(Records from a dataset)

==================================================

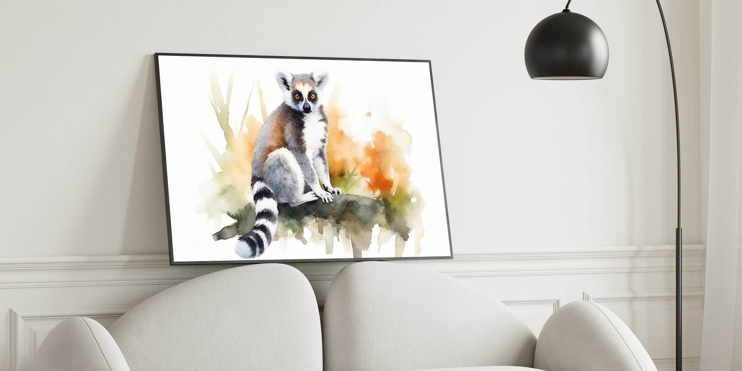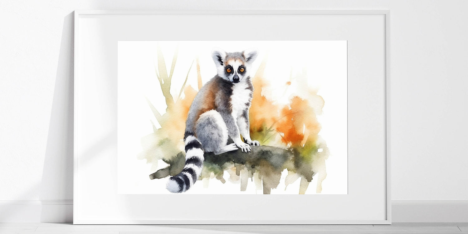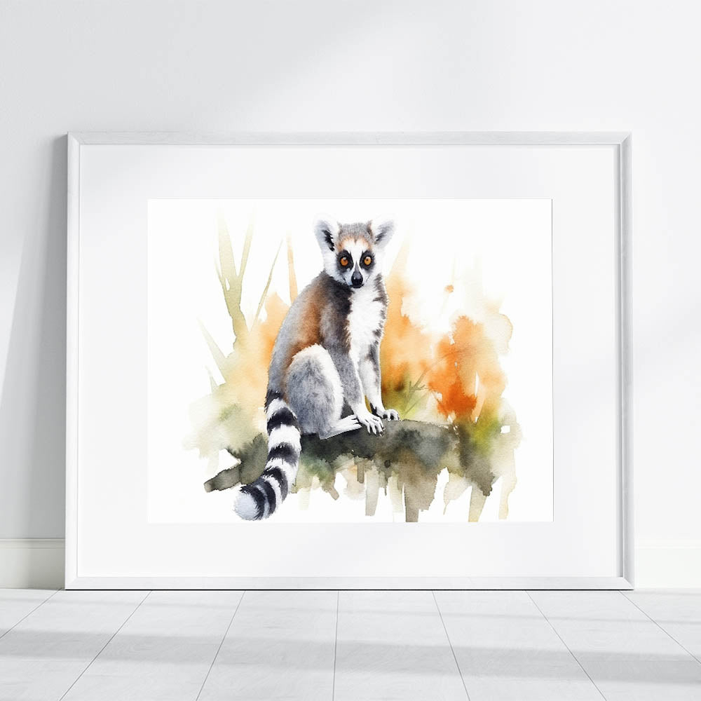 Transform your living space with this Graceful Lemur Art Print, a perfect blend of elegance and nature. This stunning piece showcases a lemur in a serene pose, captured with delicate watercolor strokes that highlight the natural beauty and grace of this fascinating animal. Ideal for those who appreciate wildlife art, this print brings a touch of Madagascar's exotic allure into your home.
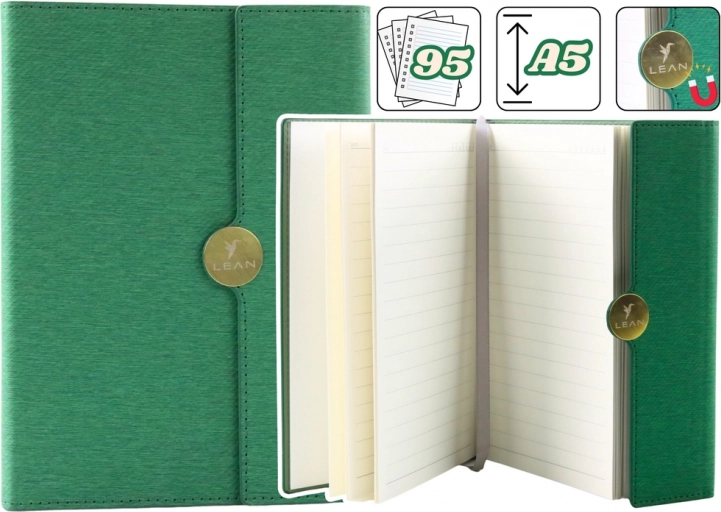 Houd overzicht over je dagelijkse taken met dit stijlvolle groene A5-notitieboek. De stevige kaft met magnetische sluiting blijft veilig dicht, zodat je aantekeningen goed beschermd zijn in je tas en op je bureau. Gelijnde pagina’s met datum en weekdagen helpen je plannen en snel terug te keren naar belangrijke informatie.
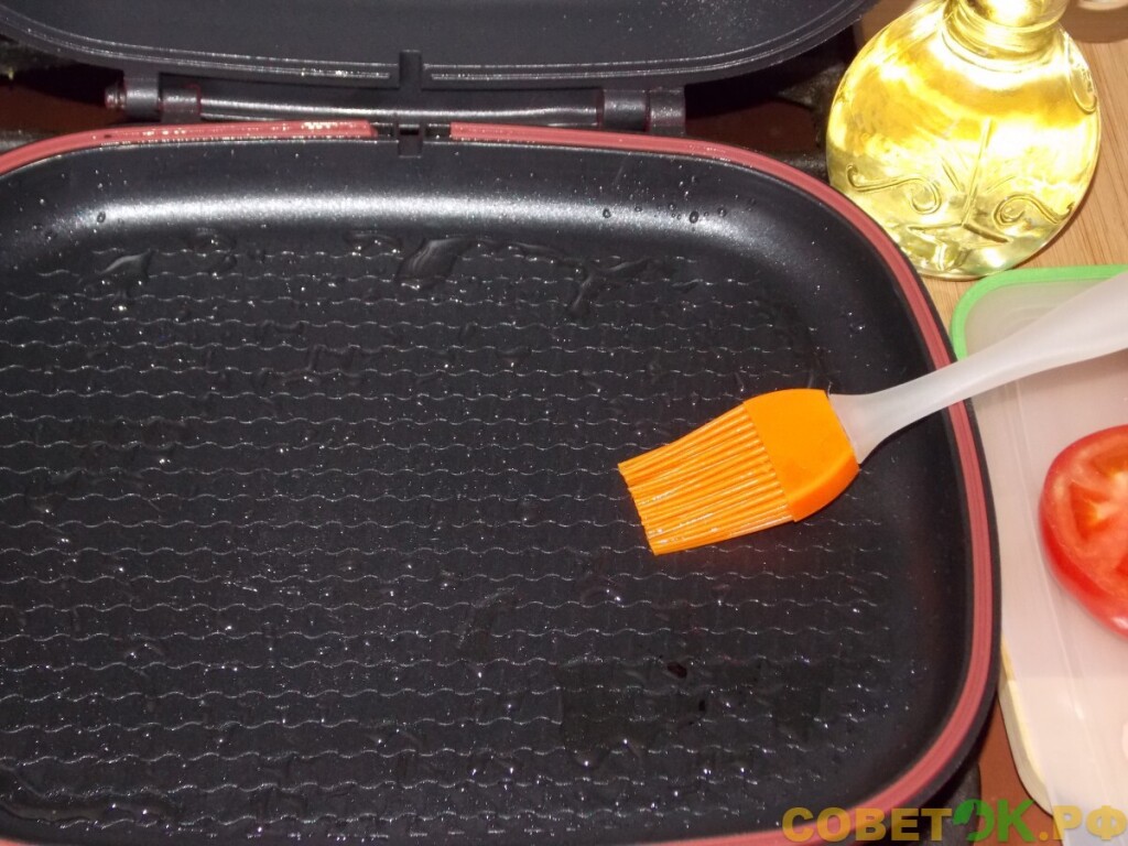 Двухстороннюю сковороду поставьте на плиту и включите под ней сильный огонь. Хорошо прогретую плоскость сковороды смажьте маслом при помощи кисточки и убавьте огонь до умеренного.
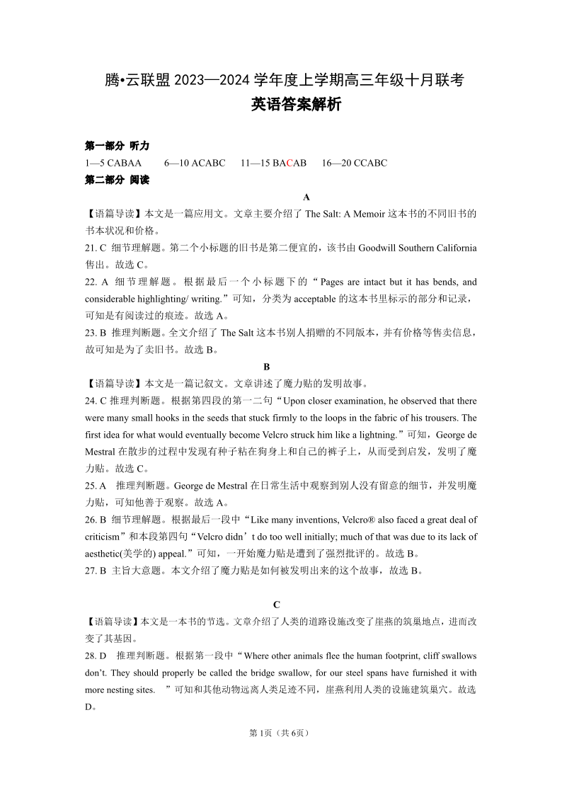 湖北省腾云联盟2024届上学期高三年级十月联考英语答案
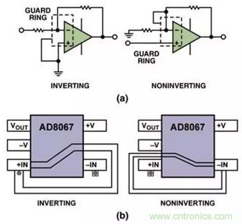 (公式七)?;せ?,或者称隔离环,是运算放大器常用的另一种遮罩方法,它用于防止寄生电流进入敏感结点。其基本原理很简单,用一条?;さ枷呓舾薪岬阃耆鹄?,导线保持或者迫使它保持(低阻抗)与敏感结点相同的电势,因此使吸收的寄生电流远离了敏感结点。(图十五)(a)显示了用于运算放大器反相配置和同相配置中保护环的原理图。图十五(b)则显示用于SOT-23-5封装中两种?;せ返牡湫蛠严叻椒ā?/div>
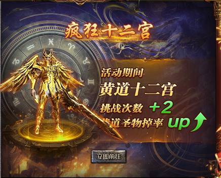 活动说明:活动期间黄道十二宫挑战次数增加,黄道圣物掉率提升。
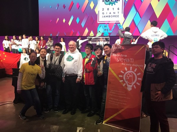 参赛项目为Vesatile Yeast Interface - for disease diagnosis(用于疾病诊断的多功能酵母接口),即通过合成生物学的方法构建用于检测生理样本中疾病标志物的酵母菌株。疾病,尤其是重大恶性疾病的早期诊断是医学基础和临床研究中面临的最难和最迫切的问题。本届团队针对糖尿病与嗜铬细胞瘤两种疾病的生物标志物构建了快速的家用酵母检测器,其能在30秒内根据生物标志物的浓度发出肉眼可见的冷光,并且解决了生物检测器的保存与运输的问题,为这两大疾病早期诊断提供了快速和经济实惠的解决方案,并为今后更多疾病的早期诊断提供了思路和细胞底盘。本次项目由队长赖伊杰通过自身经历与查阅文献独立提出,并联合其他队员一道对项目的所有实验部分进行了详细可行的设计,为了缩短检测时间,他决定避开转录机制,另辟蹊径地利用酵母内cAMP的变化构建生物传感器,并利用G蛋白偶联受体的模式化特点构建了可替换元件的检测信号系统,让同一种酵母底盘可以提供替换受体而检测不同的疾病标志物,同时创新性地提出利用冻干的方法来制作酵母生物检测器,便于运输储存,利于成果转化。队员们还基于冻干酵母活化过程中活性的变化与cAMP和发光强度的关系建立了数学模型,并成功拟合了实验数据,为未来产品的应用提供了模型指导;另外,团队还扩展了项目的外延,从法律、安全、伦理的角度论证了项目的合理性,在做科研的同时,队员们还注重社会效益,调研了项目的公众接受度,向大众普及了合成生物学。本项目从载体构建、酵母工程菌功能验证、社会实践、数学建模、宣传设计与网站建设等多方面开展联合攻关,每个阶段均成功实现,最终在iGEM决赛中完美收官。
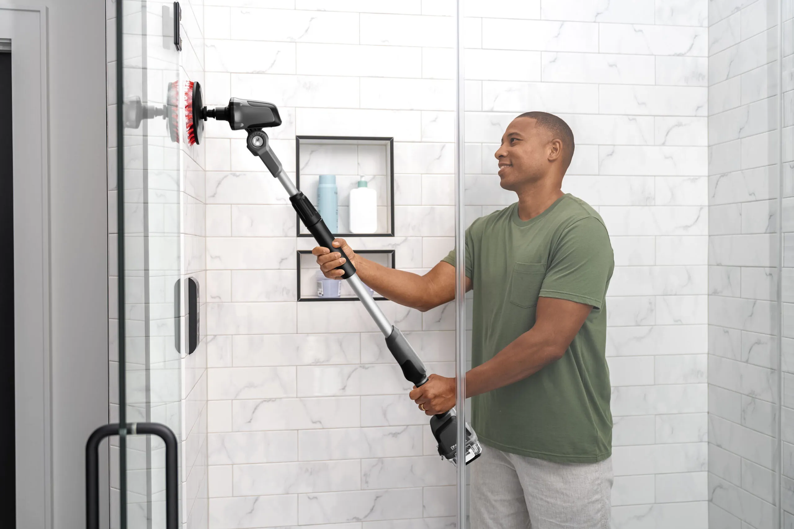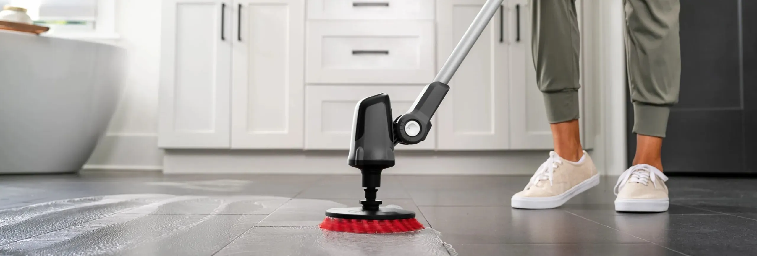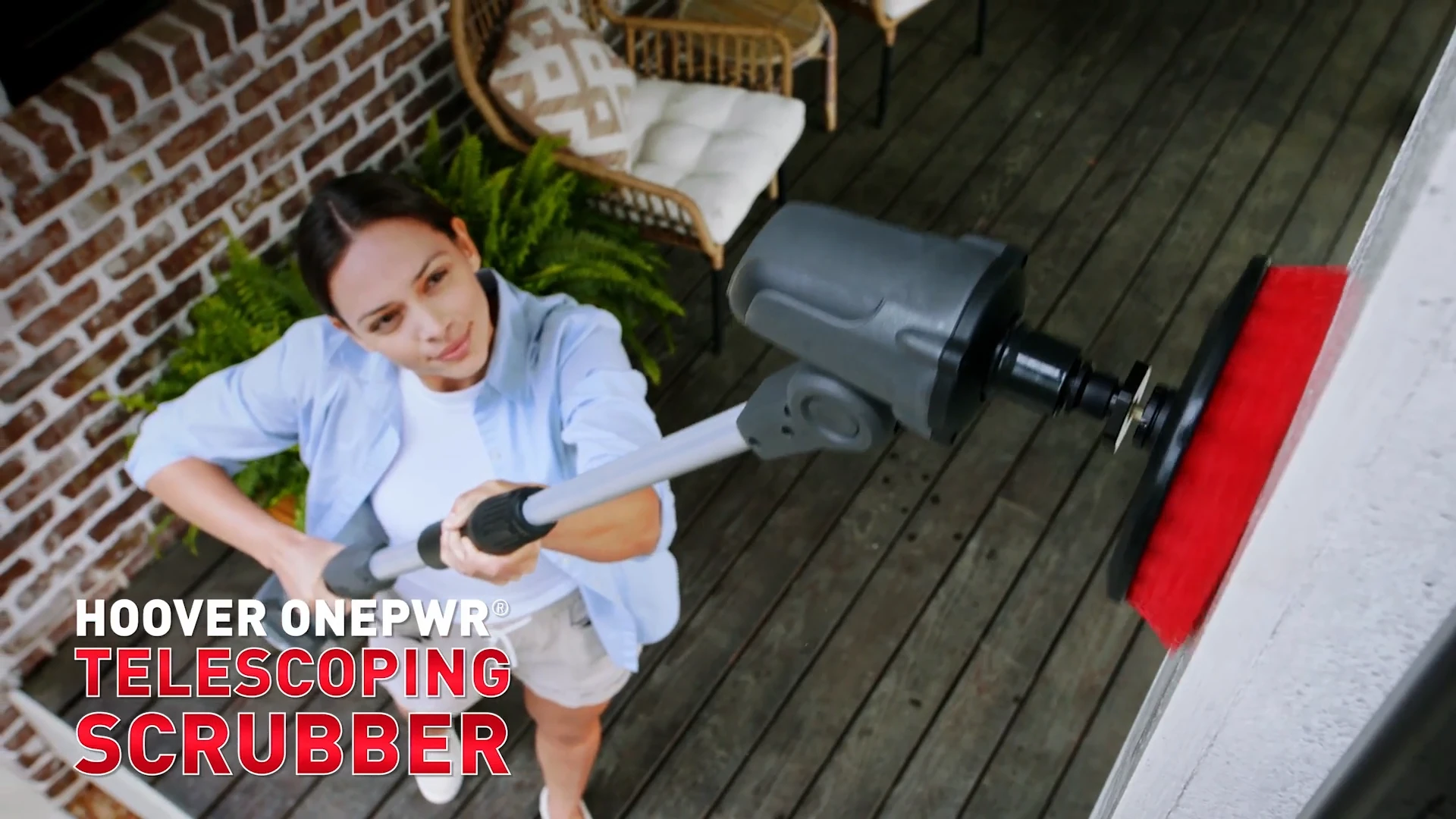 The Hoover ONEPWR Telescoping Cordless Scrubber ensures that no mess is out of reach. With over four feet of extended scrubbing reach and easy, powered scrubbing, tackling messes inside and outside the home is a breeze. The ONEPWR battery is protected in a water-resistant housing, which makes cleaning decks, siding, bathrooms, boats and more effortless. And with a pivoting brush head and interchangeable brushes, it is easy to power through any mess, no matter the angle.
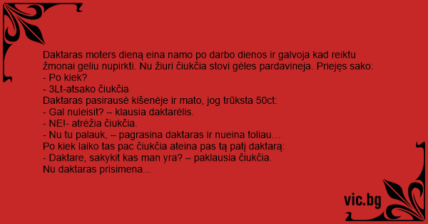 Daktaras moters dieną eina namo po darbo dienos ir galvoja kad reiktu žmonai geliu nupirkti. Nu žiuri čiukčia stovi gėles pardavineja. Priejęs sako:

==================================================

Exercise goal »
Make an exact copy of every entry above, minus the images.

Exercise output »
 Transform your living space with this Graceful Lemur Art Print, a perfect blend of elegance and nature. This stunning piece showcases a lemur in a serene pose, captured with delicate watercolor strokes that highlight the natural beauty and grace of this fascinating animal. Ideal for those who appreciate wildlife art, this print brings a touch of Madagascar's exotic allure into your home.
 Houd overzicht over je dagelijkse taken met dit stijlvolle groene A5-notitieboek. De stevige kaft met magnetische sluiting blijft veilig dicht, zodat je aantekeningen goed beschermd zijn in je tas en op je bureau. Gelijnde pagina’s met datum en weekdagen helpen je plannen en snel terug te keren naar belangrijke informatie.
 Двухстороннюю сковороду поставьте на плиту и включите под ней сильный огонь. Хорошо прогретую плоскость сковороды смажьте маслом при помощи кисточки и убавьте огонь до умеренного.
 湖北省腾云联盟2024届上学期高三年级十月联考英语答案
 (公式七)?;せ?,或者称隔离环,是运算放大器常用的另一种遮罩方法,它用于防止寄生电流进入敏感结点。其基本原理很简单,用一条?;さ枷呓舾薪岬阃耆鹄?,导线保持或者迫使它保持(低阻抗)与敏感结点相同的电势,因此使吸收的寄生电流远离了敏感结点。(图十五)(a)显示了用于运算放大器反相配置和同相配置中保护环的原理图。图十五(b)则显示用于SOT-23-5封装中两种?;せ返牡湫蛠严叻椒ā?/div>
 活动说明:活动期间黄道十二宫挑战次数增加,黄道圣物掉率提升。
 参赛项目为Vesatile Yeast Interface - for disease diagnosis(用于疾病诊断的多功能酵母接口),即通过合成生物学的方法构建用于检测生理样本中疾病标志物的酵母菌株。疾病,尤其是重大恶性疾病的早期诊断是医学基础和临床研究中面临的最难和最迫切的问题。本届团队针对糖尿病与嗜铬细胞瘤两种疾病的生物标志物构建了快速的家用酵母检测器,其能在30秒内根据生物标志物的浓度发出肉眼可见的冷光,并且解决了生物检测器的保存与运输的问题,为这两大疾病早期诊断提供了快速和经济实惠的解决方案,并为今后更多疾病的早期诊断提供了思路和细胞底盘。本次项目由队长赖伊杰通过自身经历与查阅文献独立提出,并联合其他队员一道对项目的所有实验部分进行了详细可行的设计,为了缩短检测时间,他决定避开转录机制,另辟蹊径地利用酵母内cAMP的变化构建生物传感器,并利用G蛋白偶联受体的模式化特点构建了可替换元件的检测信号系统,让同一种酵母底盘可以提供替换受体而检测不同的疾病标志物,同时创新性地提出利用冻干的方法来制作酵母生物检测器,便于运输储存,利于成果转化。队员们还基于冻干酵母活化过程中活性的变化与cAMP和发光强度的关系建立了数学模型,并成功拟合了实验数据,为未来产品的应用提供了模型指导;另外,团队还扩展了项目的外延,从法律、安全、伦理的角度论证了项目的合理性,在做科研的同时,队员们还注重社会效益,调研了项目的公众接受度,向大众普及了合成生物学。本项目从载体构建、酵母工程菌功能验证、社会实践、数学建模、宣传设计与网站建设等多方面开展联合攻关,每个阶段均成功实现,最终在iGEM决赛中完美收官。
 The Hoover ONEPWR Telescoping Cordless Scrubber ensures that no mess is out of reach. With over four feet of extended scrubbing reach and easy, powered scrubbing, tackling messes inside and outside the home is a breeze. The ONEPWR battery is protected in a water-resistant housing, which makes cleaning decks, siding, bathrooms, boats and more effortless. And with a pivoting brush head and interchangeable brushes, it is easy to power through any mess, no matter the angle.
 Daktaras moters dieną eina namo po darbo dienos ir galvoja kad reiktu žmonai geliu nupirkti. Nu žiuri čiukčia stovi gėles pardavineja. Priejęs sako:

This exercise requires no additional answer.